Протокол, представленные здесь сочетает в себе преимущества высокой воспроизводимостью и очень кратко механической дезагрегации сbsence ферментативной обработки, что приводит к хорошим качеством клеточных суспензий, которые могут быть использованы для анализа методом проточной цитометрии и сортировки 4 и скрытые исследования экспрессии гена 9.
Protocol
Representative Results
Discussion
Оптимизированный метод, описанный здесь позволяет получать суспензии клеток с грызунами ткани яичек в очень быстрым и воспроизводимым образом, избегая фермента и моющее средство лечения и поддержания хорошей целостности клеток и типа пропорции. Краткость процедуры (15 мин участок вкл…
Acknowledgements
Эта работа была частично поддержана CSIC (I + D проектом C022) и PEDECIBA. Авторы хочу поблагодарить Мариэле Bollati и Валентина Порро из отдела клеточной биологии (Institut Pasteur Монтевидео) за их щедрую о сотрудничестве сортировщика MoFlo ячейки, а Merial-Монтевидео мягко предоставляя все свинки образцы, используемые в этом проекте. Рисунок 1 была воспроизведена с разрешения BioMed Central; рисунках 2 и 3, а в таблице 1 с разрешения С. Karger AG, Базель, а 4 и 5 были воспроизведены или адаптированы с разрешения John Wiley & Sons, Inc (авторские права принадлежащие Wiley- Blackwell, 2011).
Materials
| Name of Reagent/Material | Company | Catalogue Number | Comments |
| Medimachine system | BD | 340587 | |
| Medicon unit (50 μm) | BD | 340591 | |
| Filcon unit (50 μm) | BD | 340603 | |
| DMEM | Gibco | 430-2100 | |
| Fetal calf serum | PAA | A11-151 | |
| NDA | Chemos BmbH | 277081 | |
| Hoechst 33342 | Sigma-Aldrich | 14533 | Stock solution 5 mg/ml; used at a final concentration of 5 μg/ml |
| Propidium iodide | Sigma-Aldrich | 287075 | Stock solution 1 mg/ml; used at a final concentration of 50 μg/ml |
Riferimenti
- Meistrich, M. L., Prescott, D. M. Separation of spermatogenic cells and nuclei from rodent testes. Methods of Cell Biology. 15, 15-54 (1977).
- Lam, D. M. K., Furrer, R., Bruce, W. R. The separation, physical characterization, and differentiation kinetics of spermatogonial cells of the mouse. Proc. Natl. Acad. Sci. USA. 65, 192-199 (1970).
- Romrell, L. J., Bellve, A. R., Fawcet, D. W. Separation of mouse spermatogenic cells by sedimentation velocity. Dev. Biol. 19, 119-131 (1976).
- Geisinger, A., Rodríguez-Casuriaga, R. Flow cytometry for gene expression studies in mammalian spermatogenesis. Cytogenet. Genome Res. 128, 46-56 (2010).
- Getun, I. V., Torres, B., Bois, P. R. Flow cytometry purification of mouse meiotic cells. J. Vis. Exp. (50), e2602 (2011).
- Meistrich, M. L. Separation of mouse spermatogenic cells by velocity sedimentation. J. Cell Physiol. 80, 299-312 (1972).

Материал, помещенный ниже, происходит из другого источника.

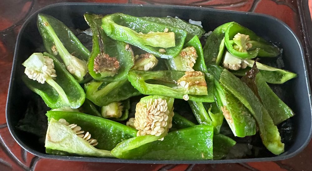 ご飯削節海苔醤油ご飯削節海苔醤油と二段にした上にごま油と塩で炒めたピーマンをのっけるだけ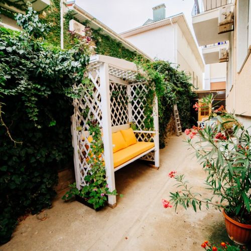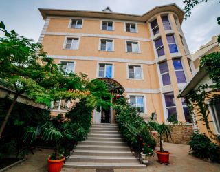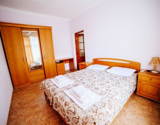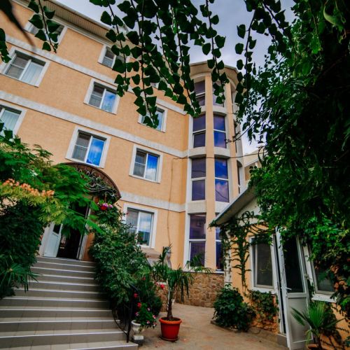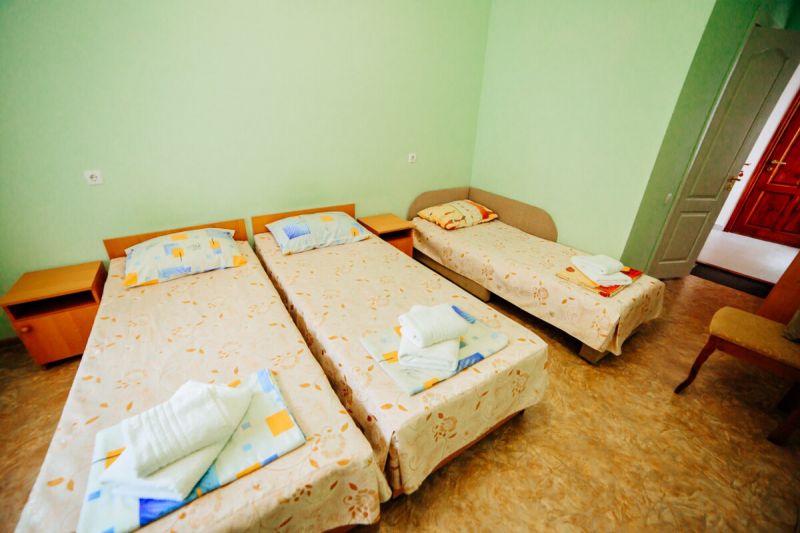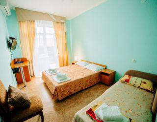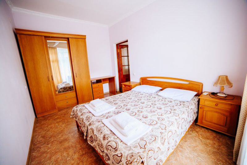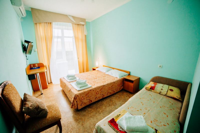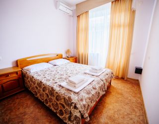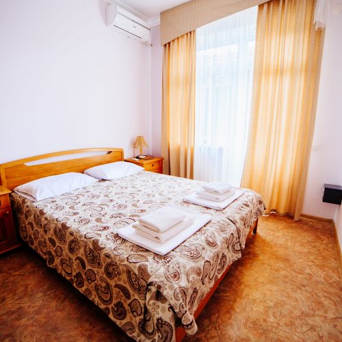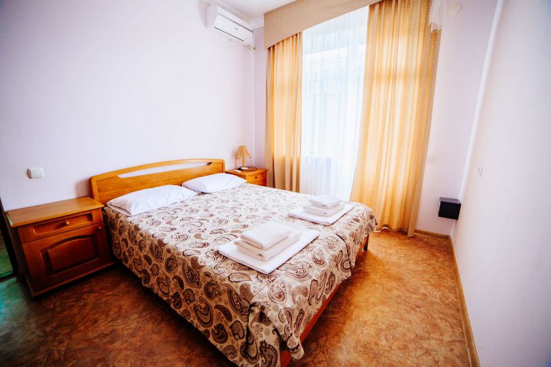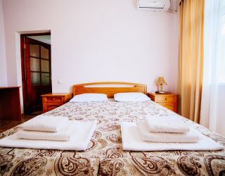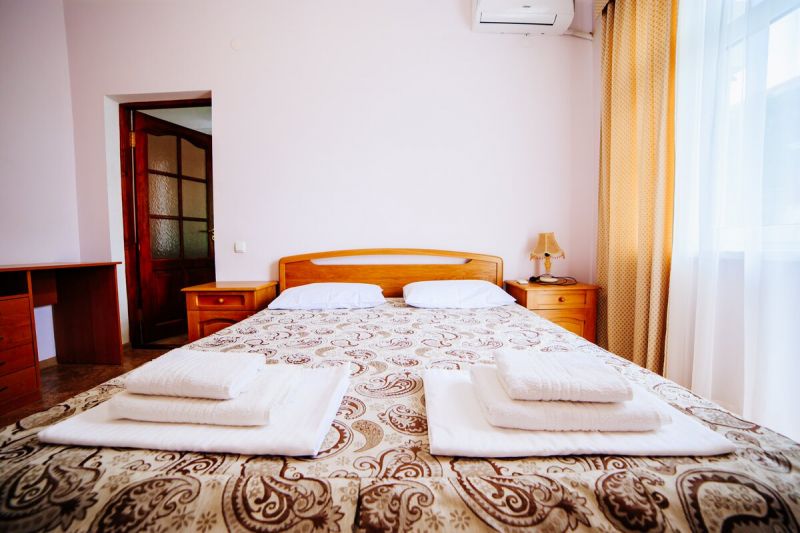 Четырехэтажное здание отеля находится на территории площадью чуть меньше 2000 кв.м. Гостей ждут двух- и четырехместные номера трех категорий – Стандарт, Семейный и Комфорт. Все номера укомплектованы двуспальными кроватями, диванами, собственными ванными комнатами с душевыми, в каждом есть кондиционер, мини-холодильник, телевизор.

- Meistrich, M. L., Bruce, W. R., Clermont, Y. Cellular composition of fractions of mouse testis cells following velocity sedimentation separation. Exp. Cell Res. 79, 213-227 (1973).
- Malkov, M., Fisher, Y., Don, J. Developmental schedule of the postnatal rat testis determined by flow cytometry. Biol. Rep. 59, 84-92 (1998).
- Rodríguez-Casuriaga, R., Geisinger, A., Santiñaque, F., López, B., Folle, G. High-purity flow sorting of early meiocytes based on DNA analysis of guinea pig spermatogenic cells. Cytometry A. 79, 625-634 (2011).
- Davey, H. M., Hexley, P. Red but not dead? Membranes of stressed Saccharomyces cerevisiae are permeable to propidium iodide. Environ. Microbiol. 13, 163-171 (2011).
- Rodríguez-Casuriaga, R., Geisinger, A., López-Carro, B., Porro, V., Wettstein, R., Folle, G. A. Ultra-fast and optimized method for the preparation of rodent testicular cells for flow cytometric analysis. Biol. Proced. Online. 11, 184-195 (2009).
- Spanò, M., Evenson, D. P. Flow cytometric analysis for reproductive biology. Biol Cell. 78, 53-62 (1993).